Nation Shall Speak Unto Nation
— 11th April 2003
I hate the way people talk about countries. The idea that you can group all those people together and say absolutely anything about them at all as a group is such rubbish. It’s so depressingly simple, so lazy, so utterly utterly wrong (I mean logically here as much as morally) and yet we just can’t stop can we. We love it. Like kids racing up the steps to take another slide down the nicely slippery surface, all ready and prepared for us, no effort required at all.
The Americans are attacking the Iraqis, the British are helping, the French and the Germans are against it. The Americans are now warning the Syrians, the Turks and the Kurds to behave. Even when we take the huge effort to separate the regime of Saddam from the people it’s terrorised for years we make no effort whatsoever to distinguish between those people their different needs and expectations. It’s the McDonalds approach to to international politics - one solution fits all.
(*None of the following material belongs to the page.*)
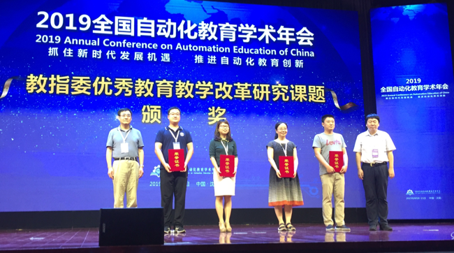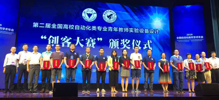 在闭幕式上,举行了自动化类专业教学指导委员会优秀教育教学改革研究课题和第二届全国高校自动化类专业青年教师实验设备设计“创客大赛”颁奖仪式,自动化学院高琪“通过教与学学术(SoTL)研究开拓自动化类专业青年教师教学发展的有效途径”教改课题获得优秀教育教学改革研究课题,赵江波自制实验教学设备“电机伺服系统控制与性能测试实验台”获“创客大赛”银奖。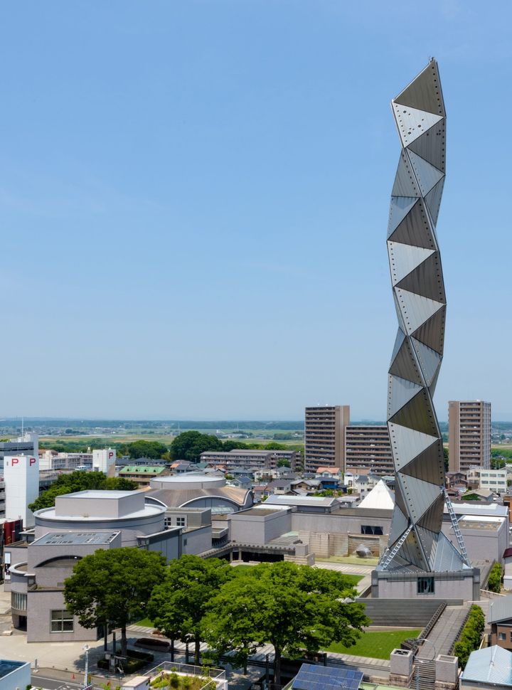 水戸市制100周年を記念し、1990年に開館。コンサートホールATM、ACM劇場、現代美術ギャラリーが入る複合文化施設。そのシンボルは、なんといっても「100周年」にかけ、高さ100mとした塔だ。磯崎はこれについて「正四面体を組合わせることによって、三重螺旋を生みだし、その天に向かって無限に伸びていく形態によって、未来を象徴している」と語っている。チタンを用いた面は、太陽光を浴び、刻々と表情を変える。

I know that time and language don’t often stretch to presenting everyone’s stories individually and that’s the nature of the global situation we find ourselves in, but it’s not that I object to. It’s the reduction of politics, war, even our view of history to such simplified and bite-sized chunks that it begins to become meaningless. Like using a computer program to reduce the entire works of Shakespeare to five ‘representative’ words. It might be helpful in reducing the size, it makes it quicker to tell people, easier to e-mail around to your friends, simpler to copy and paste into your mind and to reproduce at parties, but it is so far removed from reality as to become useless.
And yet we rely on it, have relied on it, so much, so unquestioningly. The Germans lost the First and Second world wars, the Americans dropped the H-Bomb on the Japanese, the French like cheese and surrendered. The Greeks invented philosophy, the Russians embraced Communism, the British ruled the World (once). No, No, No!!!
It’s probably been said before, much better, more more eloquently, it’s bound to be said again. I just wanted to say it. To have said it.
Christ I’ve got nothing better to say.